• **About this task**
Among the entries below, copy only the span from the line containing "Продавам каталог със" through the line containing "Hisense 43E6NT 108cm". Do so exactly, and skip the pictures.

*** Records shown Section Begins ***

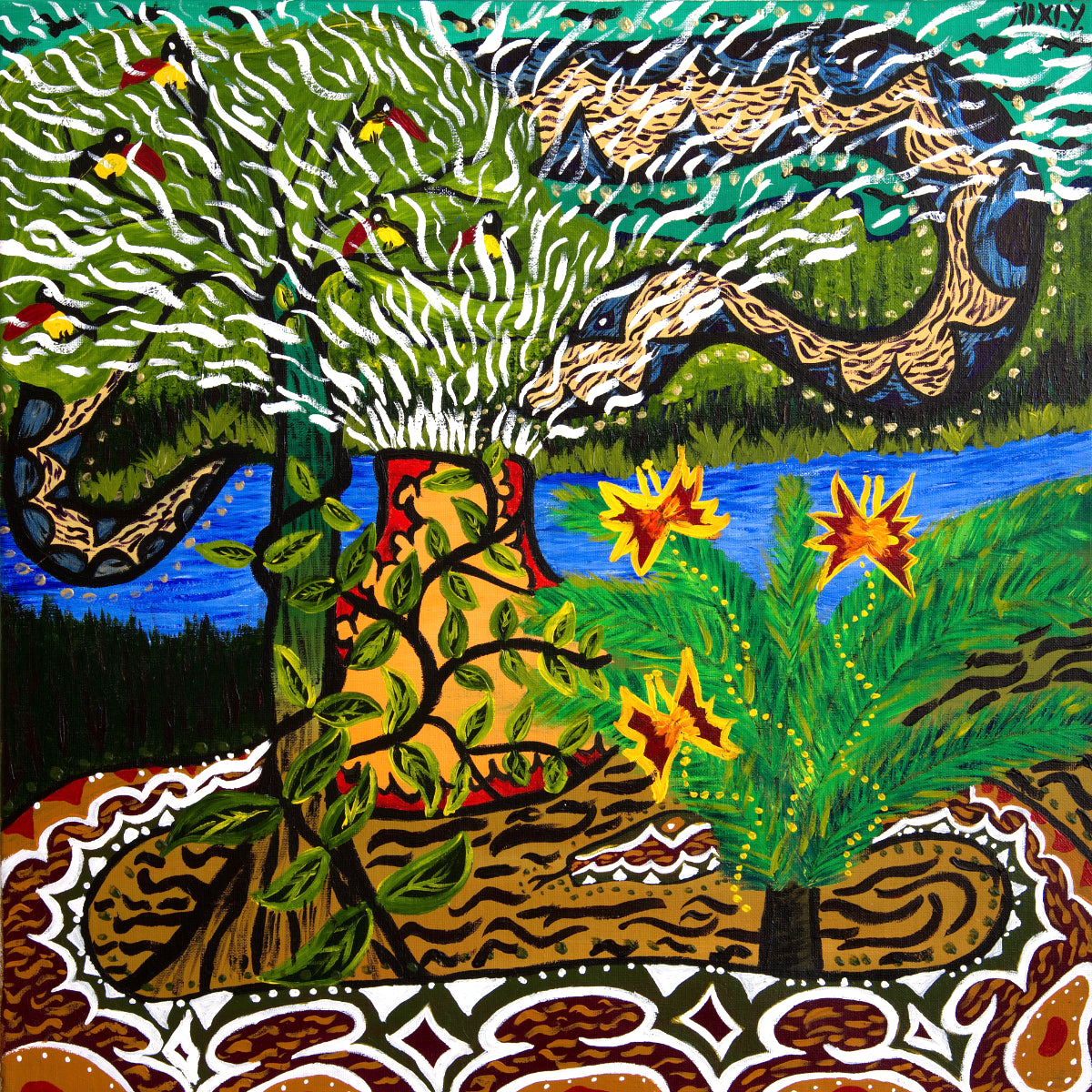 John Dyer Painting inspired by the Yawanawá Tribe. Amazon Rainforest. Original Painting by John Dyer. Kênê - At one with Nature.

*** Records shown Section Ends ***
*** Records shown Section Begins ***

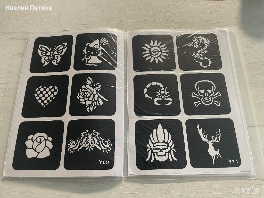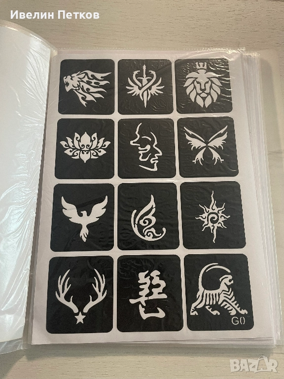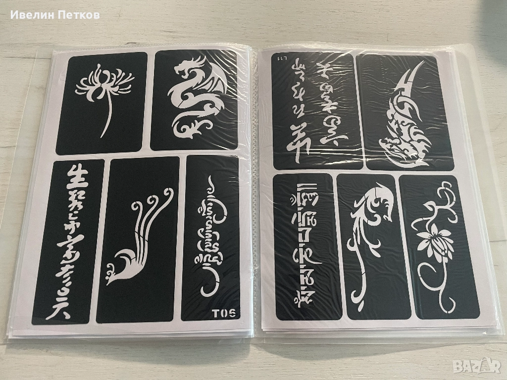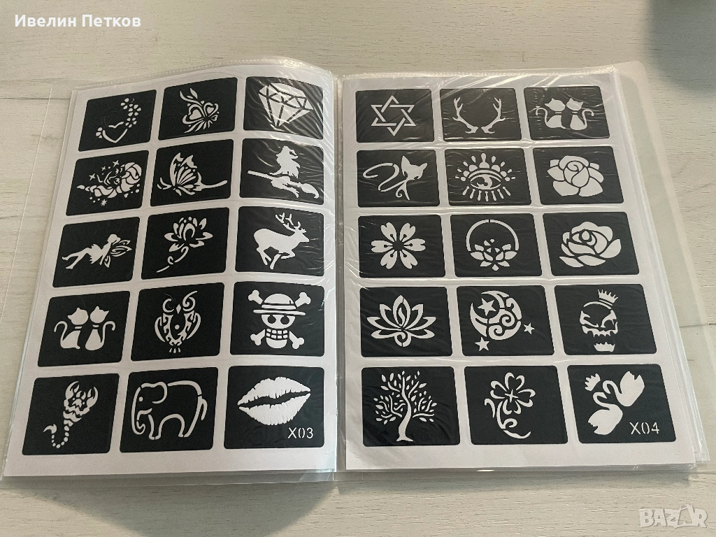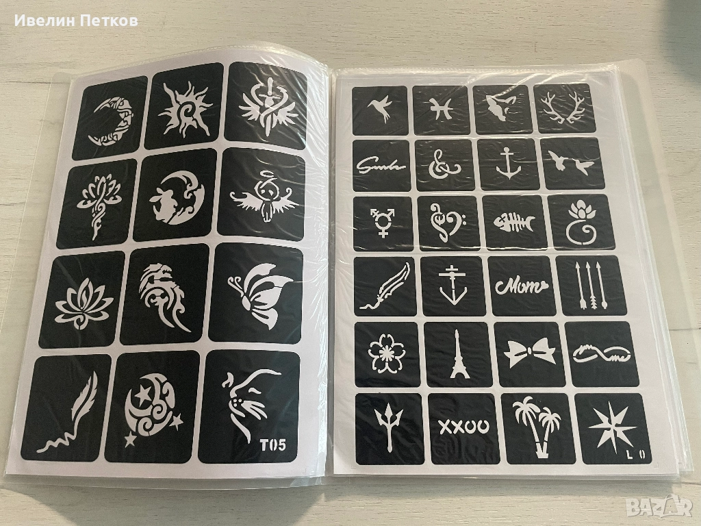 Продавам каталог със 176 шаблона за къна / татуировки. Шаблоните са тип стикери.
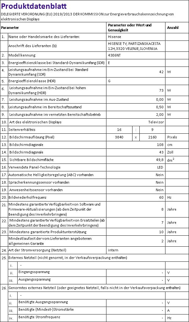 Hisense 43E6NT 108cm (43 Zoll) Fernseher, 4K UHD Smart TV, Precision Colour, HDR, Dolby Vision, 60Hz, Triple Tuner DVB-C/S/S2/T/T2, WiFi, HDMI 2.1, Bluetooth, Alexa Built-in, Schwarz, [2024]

*** Records shown Section Ends ***

• **Response to this exercise**
 Продавам каталог със 176 шаблона за къна / татуировки. Шаблоните са тип стикери.
 Hisense 43E6NT 108cm (43 Zoll) Fernseher, 4K UHD Smart TV, Precision Colour, HDR, Dolby Vision, 60Hz, Triple Tuner DVB-C/S/S2/T/T2, WiFi, HDMI 2.1, Bluetooth, Alexa Built-in, Schwarz, [2024]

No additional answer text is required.